My day definitely includes a nap. I can remember when I was a little kid my parents telling me, “Someday people will try to tell you that being a grown-up means smoking cigarettes or drinking alcohol, but the real way you’ll know you’re a grown-up is when you want to take naps.” And they’re absolutely right. I love a nap: It feels like the most self-indulgent thing in the world to say, “My time is mine to do with what I please, and what I’m going to choose to do with my time is spend an hour unconscious.”

Alex Levin, who was my college roommate, is a pastry chef for a restaurant group in town that includes The Riggsby and Alta Strada and Tico.

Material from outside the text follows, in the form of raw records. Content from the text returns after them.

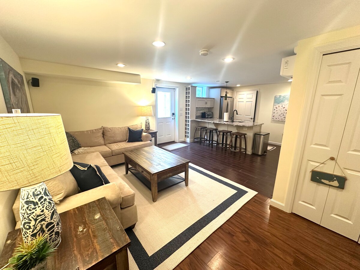 मध्य नॅनटकेटमधील अपडेट केलेला, आधुनिक आणि मोहक काँडो. 1,120 चौरस फूट, पूर्णपणे 8 लोकांना सामावून घेते. लिव्हिंग रूममध्ये थंड नॅनटकेट रात्रींसाठी एक उबदार इलेक्ट्रिक फायरप्लेस आहे. पूर्ण किचन. पॅटीओ, ग्रिल, हॅमॉक आणि आरामदायक आऊटडोअर शॉवरसह खाजगी बॅकयार्ड पुश करा. घराच्या समोरील दोन पार्किंग स्पॉट्स. मध्यवर्ती लोकेशन डाउनटाउन, किराणा स्टोअर्स, कॉफी शॉप्स, रेस्टॉरंट्स आणि नाईट क्लब्जपर्यंत चालण्यायोग्य आहे. तुम्हाला बेटाच्या सर्व भागात घेऊन जाणाऱ्या दोन बस स्थानकांवर जा.
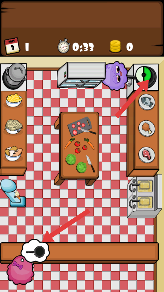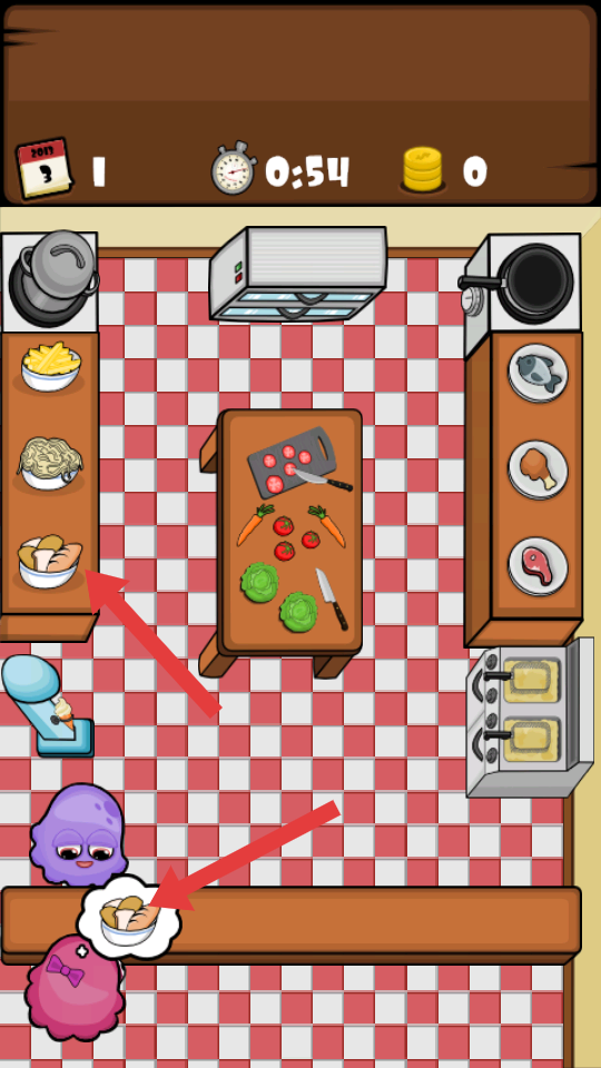1、進入游戲,根據顧客需求,從食材區選取對應的食材,為制作美食準備好原料。
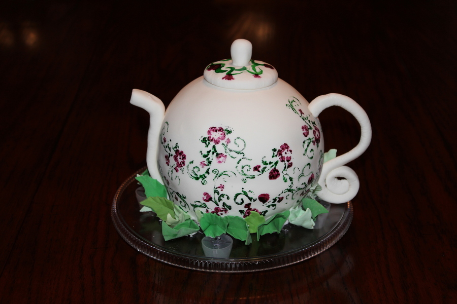 Tea Pot cake made from ball pan with fondant spout, handle & top. Pattern rubber stamped onto pot with food coloring.
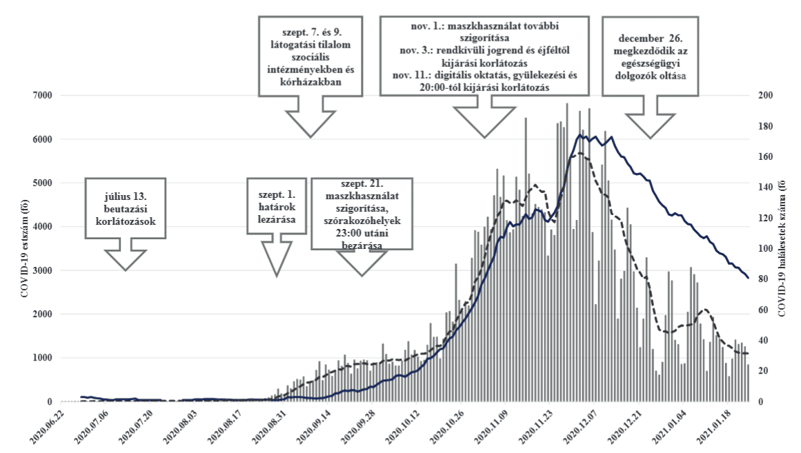 - ábra: Megerősített COVID–19 esetek (a fertőzés igazolásának dátuma alapján) és halálesetek száma (a halálozás ideje alapján), valamint a fontosabb kormányzati intézkedések a 2. járványhullám idején, Magyarország, 2020. június 22. – 2021. január 24.
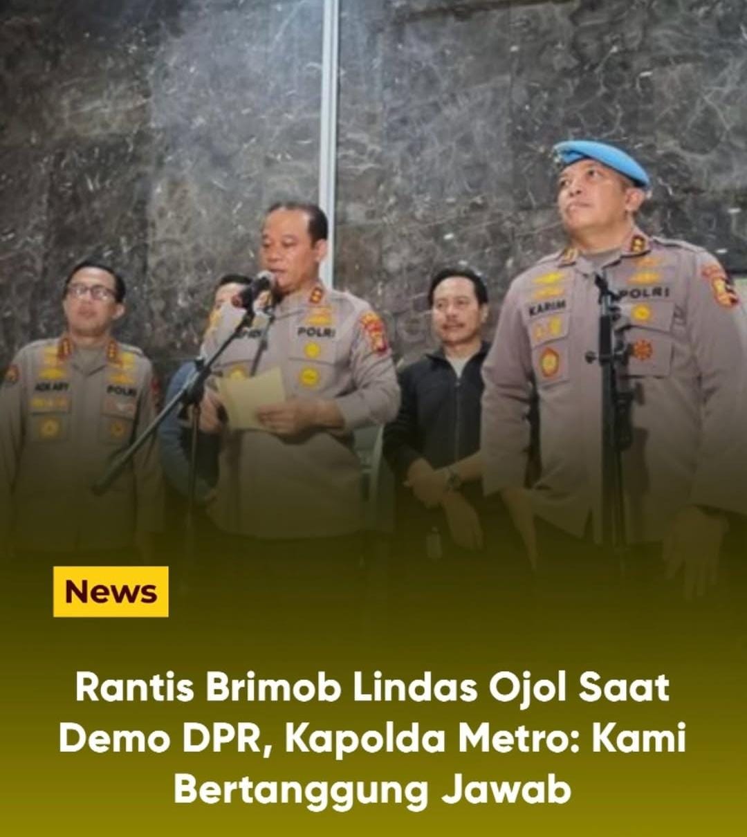 Rantis Brimob Lindas Ojol Saat Demo DPR, Kapolda Metro: Kami Bertanggung Jawab.
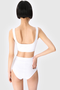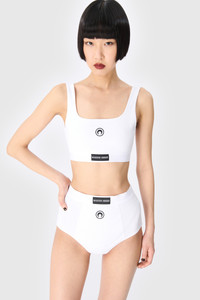 - Stretch fabric - Elastic chestband - Moon logo embroidered on chest - Branded label woven on chestband in front Materials White Organic Cotton All of the cotton that Marine Serre sources for the BORDERLINE collection is certified GOTS (Global Organic Textile Standard). This certification is the worldwide leading textile processing standard for organic fibers and provides credible assurance of responsible manufacturing with the least chemical inputs. In terms of shapes, the House proposes a wide range of everyday styles taken directly from the sportswear universe. 100% Cotton (GOTS Certified)

I’ll probably go to one of his restaurants with friends and eat one of his delicious desserts. It’s an early dinner because I’m going to go to the theater. I’ll see whatever looks great at Studio Theatre or Woolly Mammoth or Arena Stage or something like that. I like to be able to sample a few things each season at each of them.

And then late night on my way home I will meet a friend for a nightcap at Royal. It feels like a neighborhood bar: They have really good cocktails, it’s rarely overcrowded and they have some nice small bites. D.C. has so many great offerings all over the city, but on my ideal day I’m probably going to stay close to home. I like to spend my money at places in my backyard.